= Gelclair =

Medicinal oral gel

Gelclair is a medicinal oral gel containing polyvinylpyrrolidone (PVP) and hyaluronic acid that coats the surface of the mouth forming a thin protective film over painful oral lesions, such as those caused by radiotherapy or chemotherapy treatment for cancer.

==Uses==

Gelclair can be used in the management of the painful symptoms of oral mucositis usually caused by radiotherapy or chemotherapy treatment for cancer but can also be caused by medication, disease, oral surgery, stress, traumatic ulcers caused by dental braces and dentures, and ageing.
Gelclair can be used by patients of all ages.
Gelclair is usually used 3 times a day or as needed. It is usually diluted with water and rinsed around the mouth. It can be used undiluted where no water is available and applied directly.
Gelclair does not numb the mouth and can be used in conjunction with other treatment options for managing oral mucositis, including antibacterial mouthwashes and painkillers.

==Clinical evidence==

Innocenti et al. studied Gelclair in a total of thirty patients with chemotherapy-induced oral lesions. Results showed a 92% reduction in mean pain scores 5–7 hours after the first administration of Gelclair. Patients were also given Gelclair for a further 7–10 days and at the end of this period, pain scores were recorded. After one week of using Gelclair, 87% of patients reported overall improvements relating to pain in swallowing food, liquids, and saliva.

De Cordi et al. studied thirty patients with lesions of the mouth and oropharynx (caused by various diseases). 83% of patients reported a reduction in pain, 13% remained the same and 3% showed initial improvement but then got worse. 83% showed a distinct improvement in functionality in the ability to take food, 7% remained the same, and 7% got worse, while 3% reported considerable improvement followed by slight worsening. 57% of patients reported an improvement in the grade of oral mucositis, 40% remained the same while 3% got worse.

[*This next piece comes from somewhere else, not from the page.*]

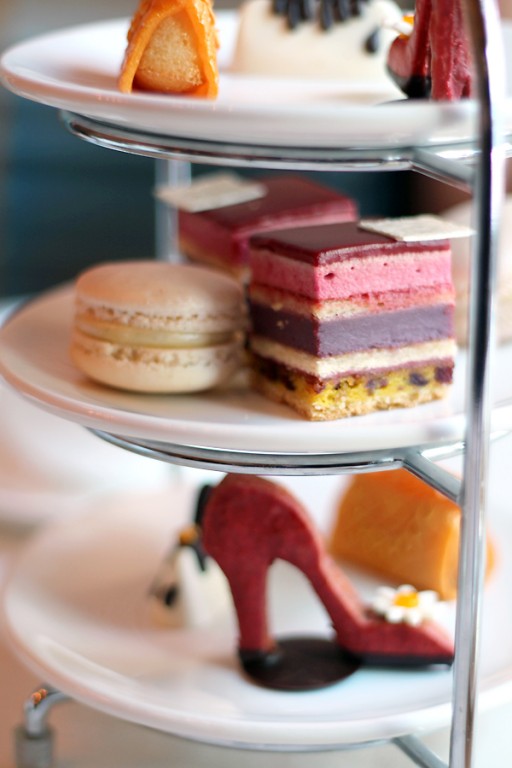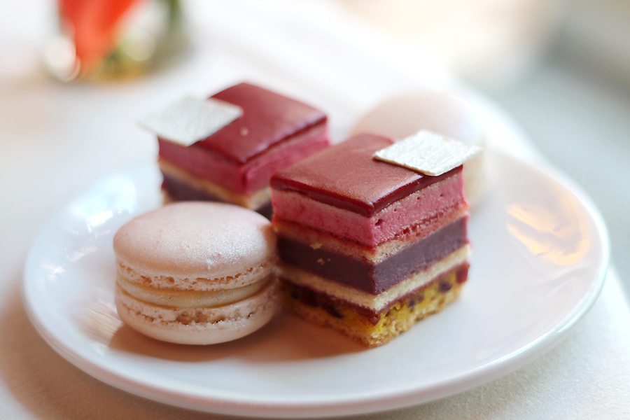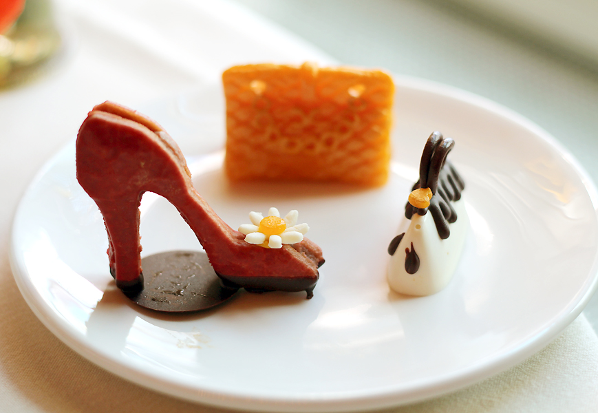 Dan is het tijd voor de modeshow – een culinaire show op tafel, that is. Een koekje in de stijl van Bette Midler’s kaneel-rode schoenen, een gouden Chanel 2.55 vanillecake met marsepein, een zwart Moschino-tasje van fondant, een gelaagd fruitcakeje met frambozen in de stijl van Dior Pink en een macaron met vanillecrème (waarvan de link met een tas alleen niet konden vinden). De gebakjes worden echter niet in huis gemaakt, maar verzorgd door een externe horecapatissier. Wij waren persoonlijk niet zo’n fan van de smaak van de zoetigheden. Het zag er prachtig uit, maar de smaken sprongen er wat ons betreft niet uit: de macaron was bijvoorbeeld niet helemaal goed gebakken en nog niet ‘gaar’ van binnen. Het Chanel-tasje was zwaar en plakkerig met een dikke laag marsepein. Jammer, want de presentatie was fabuleus.

Berndtson studied ten patients who were given Gelclair to evaluate its effect on their symptoms of oral mucositis. All reported that the product was acceptable for its taste and consistency, and a palliative soothing effect was noted.

A 2006 study found Gelclair was no more effective than "current standard practice" in relieving pain associated with radiotherapy-induced Oral mucositis.

==Interactions with other medicines==

Gelclair has no known interactions with medicines or other products and has no known toxicity.